Marie refaisait de lui,—-de son abbé Froment, si l'on s'en tient à la lettre du texte, l'homme, le travailleur, l'amant et le père… il était changé, il y avait en lui un autre homme. En lui, qui s'obstinait sottement à jurer qu'il était le même, lorsque Marie l'avait transformé déjà, remettant dans sa poitrine la nature entière, et les campagnes ensoleillées, et les vents qui fécondent, et le vaste ciel qui mûrit les moissons…
Un nouvel homme s'était formé en lui, et Zola semblait vivre d'une autre vie physique et morale. L'idée double de paternité et de fécondité avait surgi, puissante. Ce grand producteur d'idées, de faits, de sentiments et d'observations, ce créateur d'êtres fictifs, doués d'une existence plus forte et surtout plus durable que les individus de sang et de chair, aspirait à la joie et à la nouveauté de donner la vie à des êtres palpitants, de féconder et d'animer, non plus la pensée abstraite et les fils de son cerveau, mais une femme, une mère et d'avoir des enfants, de la matière vivante sortie de lui, perpétuant sa force, en reproduisant, à leur tour, par la suite, les germes fertilisants dont il leur aurait transmis le dépôt sacré.

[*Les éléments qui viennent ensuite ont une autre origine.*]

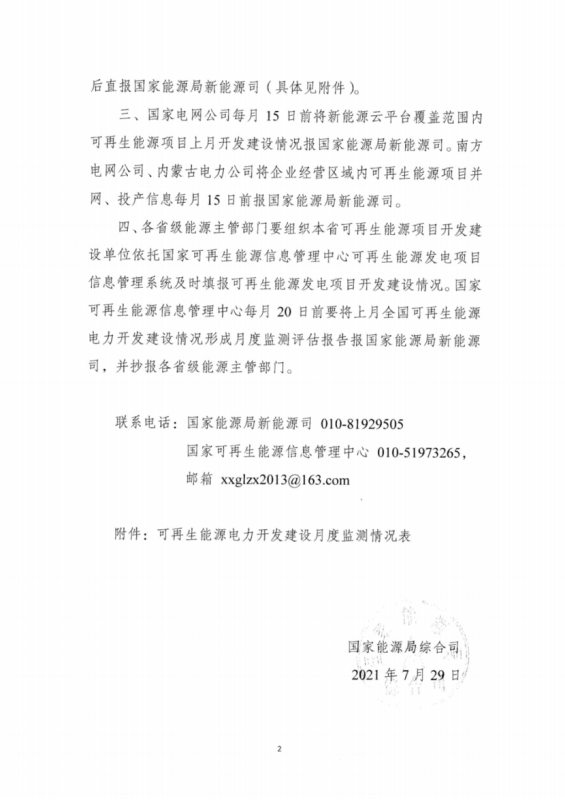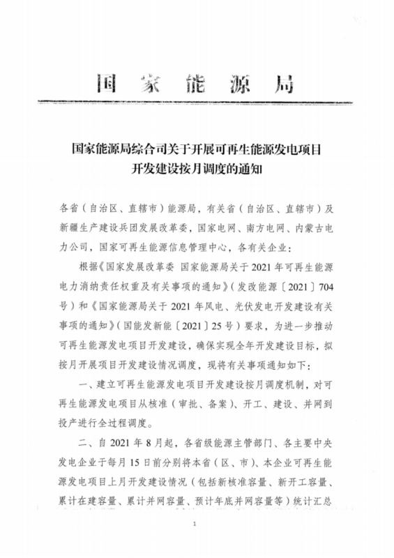 根據(jù)文件,自2021年8月起,各省級能源主管部門、各主要中央發(fā)電企業(yè)需每月15日前分別將本?。▍^(qū)、市)、本企業(yè)可再生能源發(fā)電項目上月開發(fā)建設(shè)情況(包括新核準容量、新開工容量、累計在建容量、累計并網(wǎng)容量、預計年底并網(wǎng)容量等)統(tǒng)計匯總后直報國家能源局新能源司。
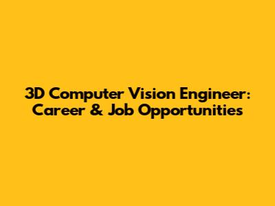 3D Computer Vision Engineer: Career & Job Opportunities

Ce désir fut accompli. Mais alors, simultanément, un changement se produisit dans l'intellect, dans le génie de l'écrivain. Il s'éprit des problèmes de la destinée des hommes. Il rêva d'un avenir meilleur. Il évoqua une révolution, non point par la bombe et par la guerre civile, mais obtenue par la science, par l'instruction répandue à flots, par l'abolition des institutions du passé, par la paix entre les peuples, et l'amour entre les hommes. Il avait, jusque-là, passé plutôt indifférent à côté des problèmes sociaux. L'Assommoir était surtout une mercuriale sévère à l'adresse des travailleurs enclins à l'ivrognerie. Germinal, magnifique tableau du monde souterrain, pitoyable vision de la misère du mineur, n'indiquait nullement la solution socialiste de la mine devenant la propriété de ceux qui la fouillent. La Terre, tableau sombre de la cupidité et de l'opiniâtre labeur des paysans, ne contenait pas la formule de la culture en coopération, de la suppression du travail individuel, et n'annonçait pas l'avènement de la grande et profitable exploitation du sol en commun. Devant toutes ces visions de l'avenir, les yeux de Zola, si perçants pour discerner les moindres détails d'une matérialité observée, étaient couverts d'une taie. Brusquement, il parut avoir été opéré d'une cataracte intellectuelle. Ses prunelles s'emplirent d'une clarté nouvelle. Il devint clairvoyant dans les ténèbres de la question sociale. Tout son esprit fut inondé de la lumière de la vérité, et sa volonté se banda vers la justice. L'idéal des sociétés futures lui apparut, comme une terre promise et certaine, où il ne parviendrait pas, mais que les générations qui le suivraient, plus favorisées, certainement atteindraient. Et c'est parce qu'il voyait, au-devant de lui, cette terre lointaine, c'est parce qu'il la sentait le domaine promis aux hommes des temps qui succéderaient aux années de luttes, de misère, d'oppression et d'antagonisme, qui sont les nôtres, qu'il voulait obstinément avoir un enfant, un fils de la chair, c'est pour cet héritage de l'avenir qu'il voulait laisser de la graine d'êtres heureux, après lui, sur le sol, et aussi un livre, un enfant de l'esprit, témoignant de sa foi, de son espérance, de sa charité sociales, un héraut précurseur des vertus théologales de la démocratie future.